Applying these principles to the case before us, we find that the property in question is identified in three ways: First, it is a farm belonging to appellant; second, it is located on Muddy Creek, and, third, it contains one hundred and thirteen acres. If, then, appellant owns a farm on Muddy Creek containing one hundred and thirteen acres, there can be no doubt that this answers the description. The parol evidence shows that such is the case. True, appellant claims to have two farms on Muddy Creek, but there is no evidence in the record tending to show that the other farm contains one hundred and thirteen acres; all the proof shows that the farm in controversy contains exactly that number of acres.
But it is insisted that the terms of the agreement as to time of payment are not sufficiently explicit to enable the court to decree a specific performance. Under our statute (Kentucky Statutes, Sec. 470) the consideration need not be expressed in the writing; it may be proved when necessary, or disproved by parol or other evidence. (Camp v. Moreman, 84 Ky., 635.)
2. Appellant and her son, who was present when the *403trade was made, testified that the agreement was not to be binding until signed by W. H. Bates, appellant’s husband. Griles S. Harris, who represented his wife' claims that no such agreement was made. The record further shows that, upon the petition of Margaret A. Bates and her husband, W. H. Bates, in the Madison Circuit Court, under and by virtue of a statute regulating such matters, Margaret A. Bates was, on September 21st, 1885, adjudged a feme sole, and was empowered to use, enjoy and convey, for her own benefit, any property she then owned, or might thereafter acquire, free from the debts of her husband; to make contracts, sue and be sued as a single woman, and to trade in her own name and to dispose of her property by deed or will. The record also discloses that soon after the written agreement was entered into, Margaret A. Bates claimed that she came to the city of Richmond for the purpose of making a deed to Mrs. Harris and closing the transaction, In view of the fact that there was no necessity for her husband to join with her in the contract, and of the further fact that her own conduct of going to town for the purpose of closing the transaction is inconsistent with her claim that the contract was not to be binding until her husband signed it, we are not disposed to disturb the finding of the chancellor to the effect that no such agreement was made.

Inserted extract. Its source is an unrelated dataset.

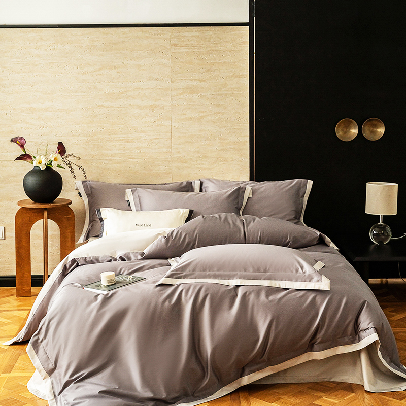 欧式简约100支长绒棉纯色双拼四件套全棉纯棉套件男双人床上用品

3. Upon the question of tender the chancellor found that, prior to the bringing of the suit, appellee demanded performance and offered to pay for the land but that appellant refused to convey and declared her purpose not to carry out the contract. Without reviewing the evidence at length, we are of opinion that it fully sustains the chancellor’s finding and that appellant, by her conduct, waived a proper tender.
Judgment affirmed.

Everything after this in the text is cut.